The `ClientConfigurator` bean’s methods have a boolean parameter as to whether the resulting configuration should redact secrets, so that the configuration can be expose the connection properties to the user, say to allow them to copy the connection properties and use them in their application, or if we use the generated (but redacted) connection configs in the template service. But the `AdminClients`, `KafkaProducerClients`, `KafkaConsumerFactory` and `SchemaRegistryClients` beans use the configurator and do not redact the configuration.

New methods have been added to the `ConnectionState` class to make it easy to get the `Credentials` for a Kafka cluster with a given ID or a Schema Registry cluster with a given ID. The `DirectConnectionState` subclass always returns the credentials for the one Kafka cluster or one SR cluster. In the future, other `ConnectionState` subclasses (e.g., for CP MDS) might need to maintain a map of credentials by cluster ID for any clusters do not have the same MDS credentials (e.g., the Kafka or SR cluster does not delegate authN functionality to MDS).

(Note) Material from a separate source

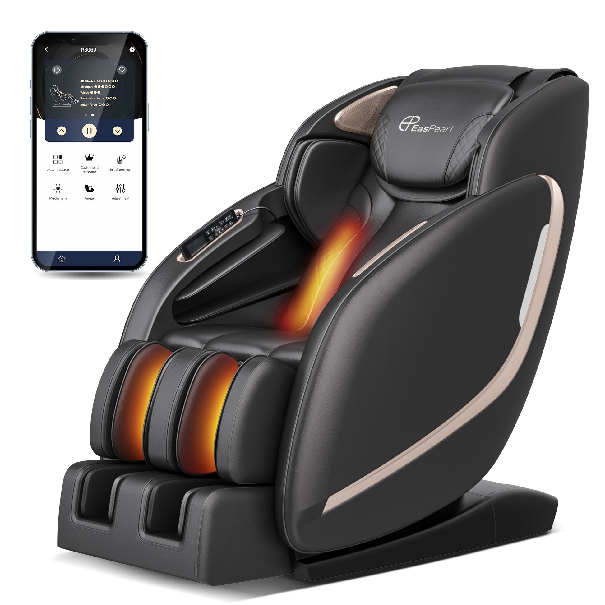 Indulge in the ultimate relaxation experience with the R8069 APP Control Roller Zero-G Massage Chair. This state-of-the-art massage chair combines cutting-edge technology with luxurious comfort, making it the perfect addition to any home or wellness center. Designed to deliver a full-body massage, it features advanced APP control, deep zero-gravity recline, and a range of customizable settings to suit your relaxation needs. With its extended SL track and advanced 3D massage rollers, every inch of your body is pampered with precision. Whether you seek relief from daily stress or a rejuvenating massage, the R8069 is equipped to meet your needs.
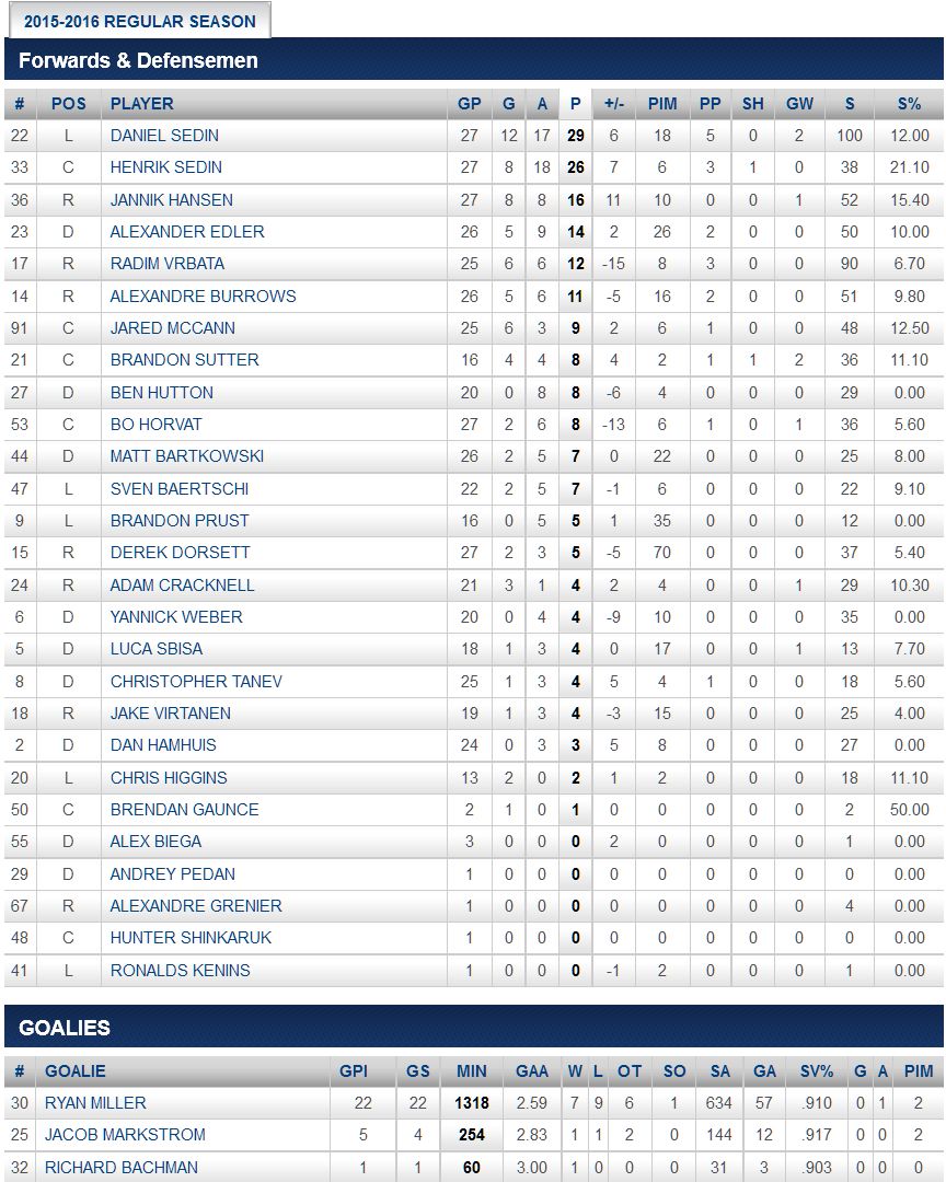 Canucks statistics courtesy of the NHL and Vancouver Canucks.

### Adding other types of credentials in the future

In the future, the only thing we need to do to support other types of authN credentials, such as [OAuth 2.0](#125), [mTLS](#126), [Kerberos (SASL/GSSAPI)](#127), etc., is to define new `Credentials` subtypes  and implement the methods to construct the auth-related client properties using the subtype-specific credential information.

### Limitations

There are a few shortcuts taken for direct connections that will be addressed in subsequent PR as part of #123:
* the `status` for direct connections is not accurate or useful, and will have to use an AdminClient and SR client to verify the credentials and update the status.
* the `kafka_cluster.id` and `schema_registry.id` are currently optional in the OpenAPI spec but are required until we can obtain the cluster ID of the remote system and verify it matches. The `RealDirectFetcher` will need to perform a describe-cluster using the admin client, and set the cluster ID. (We might consider remove the `id` fields from the connection spec, if we always get a good ID from the describe-cluster.)

### Testing
I've done some manual testing with `quarkus:dev` and native executable by using the REST API to create a direct connection that uses a CCloud cluster with API key and secret, and have verified the admin client and consumer clients are built correctly and will successfully work with the remote cluster.
@rhauch
Copy link
Contributor Author

rhauch commented Nov 14, 2024

Every Connection resource includes a spec field and status field. The spec is the user-defined information about the connection, and the status is the system-generated information. The status field is defined in the OpenAPI spec as the ConnectionStatus schema:

    ConnectionStatus:
      required:
      - authentication
      type: object
      properties:
        authentication:
          $ref: "#/components/schemas/Authentication"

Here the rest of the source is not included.